In addition to these measures, Average Precision (AP) was used during model development to select the best model. AP is defined as the average precision for different confidence score thresholds and it is equivalent to the Area Under the Precision–Recall curve (AUPRC).

For the polyp-based evaluation, sensitivity, specificity, the associated Youden’s index, as well the associated likelihood ratios and diagnostic odds ratio (DOR) are calculated. Briefly, sensitivity is the proportion of polyp videos marked as positive, whilst specificity is the proportion of normal mucosa videos marked as negative. Youden index combines sensitivity and specificity with the same weight (giving a score between 0 and 1), being 0 if the same frame positivity is obtained for both polyp and normal mucosa videos and 1 if the classification is perfect (100% sensitivity and specificity). Likelihood ratios also combine sensitivity and specificity. The positive likelihood ratio gives the ratio of the probability of a polyp video being marked as positive when compared to normal mucosa videos, where the highest possible value is desired. Conversely, the negative likelihood ratio gives the ratio of the probability of a polyp video being marked as negative when compared to normal mucosa videos, where a value near to zero is desired. Finally, DOR combines the previous likelihoods ratios, for which a high value is preferred.

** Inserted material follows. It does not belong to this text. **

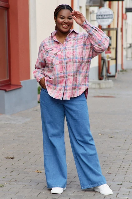 Рубашка женская в мужском стиле, из мягкой хлопковой ткани с модным потертым эффектом , силуэта оверсайз, со спущенной линией плеч. Перед без вытачки, с нагрудным карманом с контастной вышивкой названия бренда и эффектной бахромой . Спинка с кокеткой и встречной складкой. Рукав одношовный на рубашечной пройме, с манжетой и отделочной планкой с застежкой на пуговицы. Ассиметричная линия низа переда и спинки, в боковых швах отделочные детали в виде треугольника ( для удобства и эстетичного оформления разрезов). Застежка на планку с прорезными петлями и роговыми пуговицами.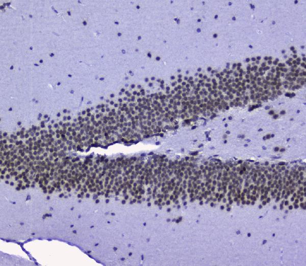 NONO was detected in a paraffin-embedded section of mouse brain tissue. The tissue section was developed using HRP Conjugated Rabbit IgG Super Vision Assay Kit (Catalog # SV0002) with DAB (Catalog # AR1027) as the chromogen.

For this polyp-based evaluation, two different criteria are defined to mark videos as positive:

• Full video criterion: a video is marked as positive if the proportion of the video frames containing predicted bounding boxes is above a given threshold, and marked as negative otherwise. For example, consider a video of five frames where predicted bounding boxes are present in the following layout: [no, no, yes, yes, no]. The proportion of positives is 2/5 and therefore, with a threshold of 50%, the video will be marked as negative.

• Sliding window criterion: a video is marked as positive if there is at least one segment of the video of size w (window) where at least a ratio p (frames positivity) of its frames contain one or more predicted bounding boxes above the confidence score threshold. If there is not such a segment, the video is marked as negative. For instance, considering the previous example (with predicted bounding boxes disposed as [no, no, yes, yes, no]), with w = 3 and p = 0.60, the video will be marked as positive, since at frame 4, the window has a frames positivity above 0.6 (window at frame 4 is [no, yes, yes]).

Given the previous criteria, a true positive video (TP_v) is a polyp video that is marked as positive, a true negative video (TN_v) is a normal mucosa video marked as negative, a false positive video (FP_v) is a normal mucosa video marked as positive, and a false negative video (FN_v) is a polyp video marked as negative. Given these definitions, the following metrics are defined as:

$${\text{sensitivity}}_{{\text{v}}} = \frac{{{\text{TP}}_{{\text{v}}} }}{{\left( {{\text{TP}}_{{\text{v}}} + {\text{FN}}_{{\text{v}}} } \right)}}$$

$${\text{specificity}}_{{\text{v}}} = \frac{{{\text{TN}}_{{\text{v}}} }}{{\left( {{\text{TN}}_{{\text{v}}} + {\text{FP}}_{{\text{v}}} } \right)}}$$

$${\text{Youden}}_{{\text{v}}} = {\text{sensitivity}}_{{\text{v}}} + {\text{specificity}}_{{\text{v}}} - 1$$

$${\text{LR}} + = \frac{{{\text{sensitivity}}_{{\text{v}}} }}{{\left( {1 - {\text{specificity}}_{{\text{v}}} } \right)}}$$

$${\text{LR}} - = \frac{{\left( {1 - {\text{sensitivity}}_{{\text{v}}} } \right)}}{{{\text{specificity}}_{{\text{v}}} }}$$

$${\text{DOR}} = \frac{{{\text{LR}} + }}{{{\text{LR}} - }}$$

Finally, for comparing proportions (sensitivity and/or specificity) for significant differences, 2-sample tests for equality of proportions with continuity correction (two-proportion z-tests) are used.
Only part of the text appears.